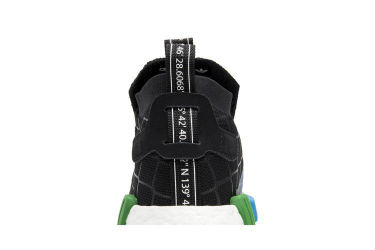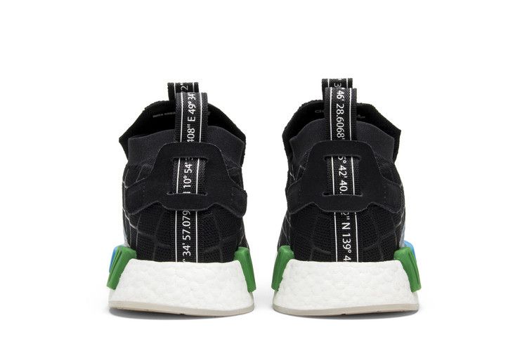 The adidas NMD TS1 mita Cages and Coordinates features a black PrimeKnit upper with a chain-link fence pattern and white sole for contrast. The Boost-cushioned midsole includes EVA plugs for support, while geographic coordinates on the heel and tongue tabs highlight the Adidas-Mita collaboration. A foldable tongue covers the laces for a streamlined look. Released on July 7, 2018, the adidas NMD TS1 mita Cages and Coordinates is available now at Side Kicks.
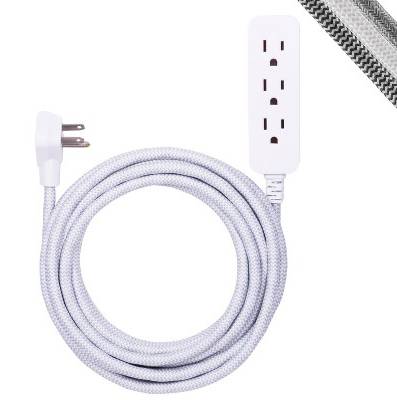 General Electric 3 Outlet Grounded Extension Braided Cord, 15 ft, Gray-White
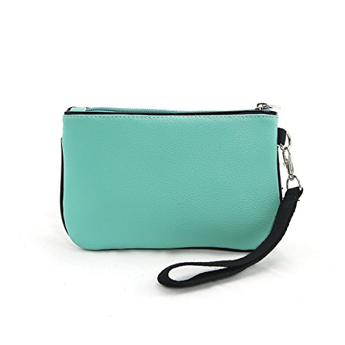 -. Feature : Measures Approx: 7.5" (L) x 0.5" (W) x 4.5" (H) / Secure zipper closure / Detachable wristlet strap / Quality vinyl material and uniquely designed / Fabric lined interior
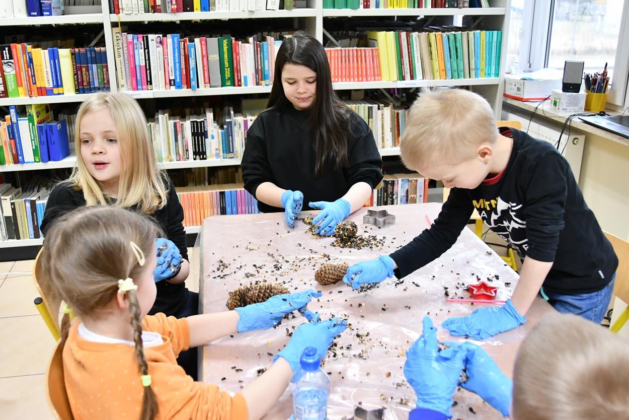 Dzieci i młodzież najpierw wysłuchały wybranej opowieści, a potem obejrzały film o ptakach zimujących w Polsce oraz materiał traktujący o dokarmianiu naszych małych przyjaciół.
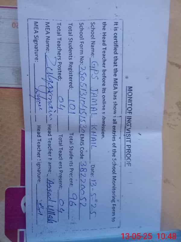 | EMIS Code: 38220052 | Name of School: GPS JAMAL KHAIL | |||

+ + + + + + +

● **What the task requires**
Images are not part of the copy. Everything else in the records must be reproduced exactly.

● **Solution for this problem**
 The adidas NMD TS1 mita Cages and Coordinates features a black PrimeKnit upper with a chain-link fence pattern and white sole for contrast. The Boost-cushioned midsole includes EVA plugs for support, while geographic coordinates on the heel and tongue tabs highlight the Adidas-Mita collaboration. A foldable tongue covers the laces for a streamlined look. Released on July 7, 2018, the adidas NMD TS1 mita Cages and Coordinates is available now at Side Kicks.
 General Electric 3 Outlet Grounded Extension Braided Cord, 15 ft, Gray-White
 -. Feature : Measures Approx: 7.5" (L) x 0.5" (W) x 4.5" (H) / Secure zipper closure / Detachable wristlet strap / Quality vinyl material and uniquely designed / Fabric lined interior
 Dzieci i młodzież najpierw wysłuchały wybranej opowieści, a potem obejrzały film o ptakach zimujących w Polsce oraz materiał traktujący o dokarmianiu naszych małych przyjaciół.
 | EMIS Code: 38220052 | Name of School: GPS JAMAL KHAIL | |||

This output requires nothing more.